Foucar E, Rosai J, Dorfman R F
Arch Otolaryngol. 1978 Dec;104(12):687-93.
Sinus histiocytosis with massive lymphadenopathy (SHML) is a newly recognized, distinct, pseudolymphomatous benign entity with very characteristic microscopic features. Most patients are children or young adults with massive painless cervical adenopathy, although other node groups and extranodal sites often are involved. Sixteen patients with SHML involving the upper respiratory tract and/ or salivary gland are presented. Nine of the patients had ear, nose, and throat (ENT) manifestations at the time of presentation. In most cases the ENT involvement resulted in prominent clinical symptoms. Treatment included surgery, antibiotics, irradiation, chemotherapy, and steroids, frequently in combination, but no consistent pattern of response emerged from the study. These 16 patients were very similar clinically to patients with SHML who did not have ENT disease, indicating that extranodal involvement is not associated with more aggressive disease.

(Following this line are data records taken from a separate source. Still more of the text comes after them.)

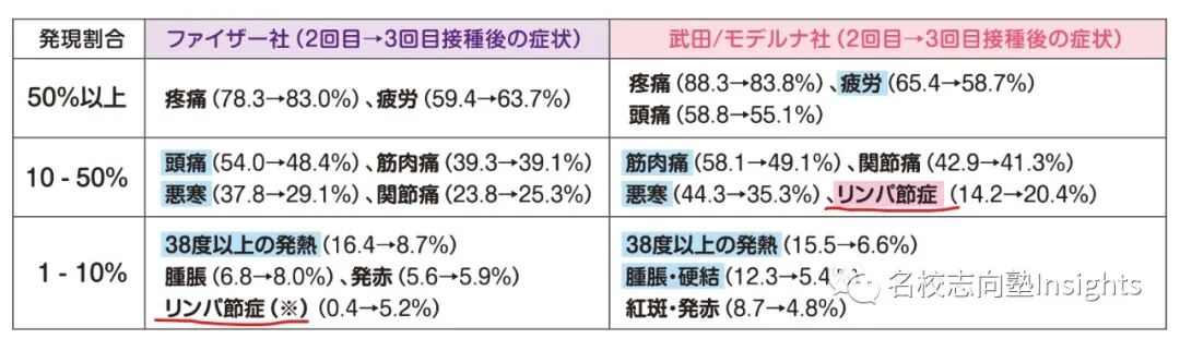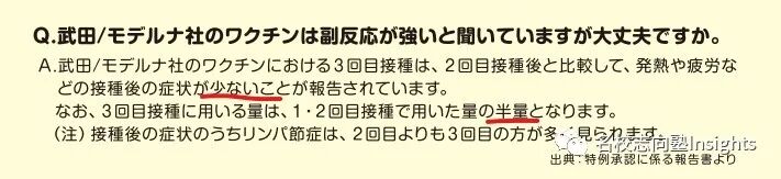 与前两针有所不同的是,目前日本政府已承认辉瑞、莫德纳、阿斯利康三种新冠疫苗的有效性(但官方提供的免费疫苗目前只有前两种),并且某些自治体还开始推荐大家在第三针时进行“混种”,以获得更佳的抵抗力。 比如,大阪府大阪市就专门绘制了一张混种排列组合表,为大家展示各种获得官方安全性与有效性认证的混种形式: *图片来自大阪市官网 厚生劳动省也专门制作了海报对混种进行解释,提到无论哪一种混种形式,抗体量都能有相当程度的上升。 *图片来自厚生劳动省 也就是说,日本从官方层面自上而下推荐大家进行第三针混种(前两针原则上还是需要接种同一种疫苗)。因此,在本次采访中,我们也为大家找到了所有种类的混种事例,包括两种“纯血派”(三针辉瑞&三针莫德纳)和两种“混沌派”(两针辉瑞一针莫德纳&两针莫德纳一针辉瑞),基本网罗了所有混种类型。 *国内灭活疫苗+辉瑞的情况已在第一次采访中讨论,感兴趣的同学可以点击下图查看Mr.秦的事例 此外值得一提的是,本次莫德纳疫苗的第三针使用剂量仅有前两针标准剂量的一半,因此接种者报告的副作用反应也普遍比先前更轻。不过,在第三针的副作用上,淋巴肿胀疼痛的例子会比前两针更多,这一点也在下文的采访中得到了确认(详见Yoyo的事例)。 *图片来自厚生劳动省 那么,事不宜迟,就让我们来看看不同种类接种的情况下会有哪种副作用反应吧—— 疫苗事故亲历者,人生信条为“不打白不打” 疫苗种类:莫德纳 第三针接种地点:庆应义塾大学会场 副作用量级:轻微 作为背靠神通广大的日本最大学友会“三田会”的庆应义塾大学塾生,Viola在很早的阶段(基本是每一针刚出来的时候)就完成了三针疫苗的接种。 无论是哪一针,她所经历的副作用都比较轻微。因此,你绝对想不到她就是传说中的疫苗事故亲历者——第二针疫苗混入金属片事故的大冤种。 *图片来自日テレNEWS 面对这样一个颇有价值的案例,笔者当然兴致勃勃地进行了盘问:“为什么还会想要接种第三针呢?不怕又出事故吗?” 答曰:“这个事故涉及的接种者那么多,事故发生后也没有见到任何严重后果的报告,所以虚惊一场的可能性更大。以我自己来说,三针疫苗都没有什么严重副作用。最重要的是,有免费疫苗不种白不种啊!” 说到Viola的副作用,无疑是本次采访中最轻微的一位。 她的第一针,除了手臂酸痛以外无副作用; 第二针(事故针)时手臂倒是不怎么酸痛,但有短时的低烧(37度左右)。当晚她的室友送了一板止痛退烧片,虽然万全没有到需要退烧药的程度,但本着不吃白不吃的心态,吃完之后果然副作用一扫而空; 第三针时副作用和第一针一样,仅手臂酸痛,副作用十分轻微。轻到什么程度呢?就是笔者本着同窗好友的情谊,为防止副作用产生乏力、眩晕、呕吐等不测,在接种完第二天全天陪着她,结果被拉着把整个银座逛了一遍,她没乏力,我乏力了???? 最后,当问及是否考虑在日本各方政策落实后接种第四针,Viola贯彻了她一如既往的人生信条: “打呀,干嘛不打呢?来都来了,不打白不打。” *关于第四针新冠疫苗的报道 刷个牙晕三次,副作用反应中心表示问题不大 疫苗种类:辉瑞 第三针接种地点:新宿区会场 副作用量级:严重 与上文一切由学校包办的Viola不同,作为社会人的VAN的接种之路就没有那么一帆风顺。尤其在疫苗四处短缺的2021年下半年,她完全约不到自己所在区役所的疫苗,只能通过各路人脉找到了一个教育工作者的专用接种会场,进行辉瑞疫苗的接种。 相较于前两针疫苗,第三针疫苗的接种体验则要好上许多,或许是大多数人尚且处于观望态度,目前区役所的疫苗十分好约,基本可以任君挑选时间段。 至于为什么大多数人还处于观望态度,类似VAN这样严重影响日常生活的副作用或许是原因之一。 谈及副作用,VAN显得十分激动,事无巨细地讲述了那几天的一切感受与感悟。笔者简单梳理如下: 第一针接种后的当天晚上开始,她就开始乏力、手臂酸痛,甚至还有一个奇怪的副作用是食欲大增,作为一个平时毫无胃口的人,她当晚把家里的零食几乎全吃了; 第二针副作用为乏力,恶寒,发烧(超39度),她表示浑身裹满被子也没什么用,已经很多年没有经历过这种难受的发烧了,一直到接种后第二天晚上才开始退烧; 第三针之后的当天晚上同样经历了恶寒与发烧(38.5度),这两种症状较第二针稍轻。但是,从她第二天睁眼开始,诡异的事情就接连不断地发生—— 首先是剧烈眩晕。剧烈到什么程度?也就是根本站不住脚,刷个牙晕了三次,最后干脆放弃刷牙开始躺平。当时她误以为自己低血糖,赶紧拆了块蛋糕吃,结果后续引起了两次呕吐,胃里的蛋糕残骸连带胃液一起逃离了身体。 其次是来自VAN室友的反馈。据她陪护的室友所说,一开门就发现VAN倒在床上不断发出吭吭的呻吟。她赶忙拨通政府的副作用反应热线,结果获得回复——“第二天发生什么都是正常的,如果发现意识开始模糊或是持续较长时间胡言乱语,请直接呼叫120后再与我们联系。”言下之意,就是VAN这种目前不算严重,可以再观察观察。所幸观察到第二天晚间,VAN已经基本恢复了正常。 *笔者查遍了官方副作用一览表,愣是没发现这种神奇的案例 作为一个深信“药物会影响免疫抗体生成”与“副作用越大抗体越强”的人士,以上全程,VAN都没有吃药改善副作用。并且她也表示,
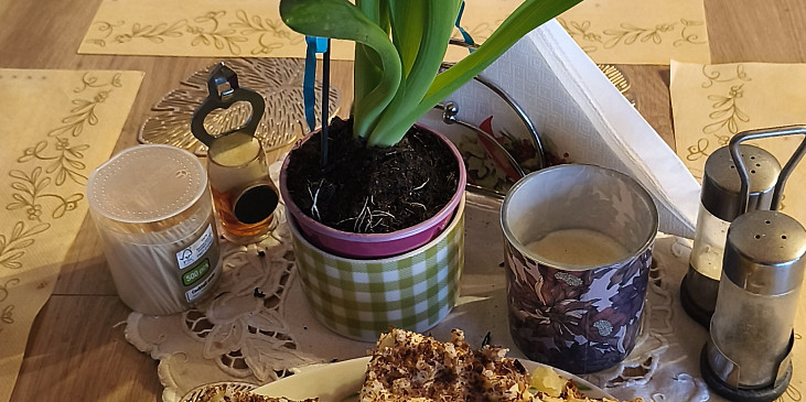 mouka polohrubá, cukr krystal, vejce, prášek do pečiva, soda jedlá, kompot ananasový, pomazánkové máslo, pudink vanilkový se šlehačkou v kelímku, cukr, rum
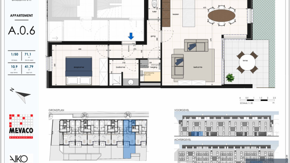 Deze zullen uiteraard aan alle hedendaagse energienormen voldoen. Ieder appartement is voorzien van GEOTHERMISCHE WARMTEPOMPEN, vloerverwarming met passieve koeling en ZONNEPANELEN. Het gebouw heeft een zuidgerichte oriëntatie waardoor je steeds kan genieten van het zonnetje vanop je terras of in je tuintje.

伴巨大淋巴结病的窦性组织细胞增生症(SHML)是一种新认识的、独特的、具有非常特征性微观特征的假性淋巴瘤良性病变。大多数患者为儿童或年轻成人,有巨大无痛性颈部淋巴结病,尽管其他淋巴结组和结外部位也常受累。本文报告了16例累及上呼吸道和/或唾液腺的SHML患者。9例患者在就诊时有耳鼻喉(ENT)表现。在大多数情况下,ENT受累导致明显的临床症状。治疗包括手术、抗生素、放疗、化疗和类固醇,通常联合使用,但该研究未出现一致的反应模式。这16例患者在临床上与无ENT疾病的SHML患者非常相似,表明结外受累与更具侵袭性的疾病无关。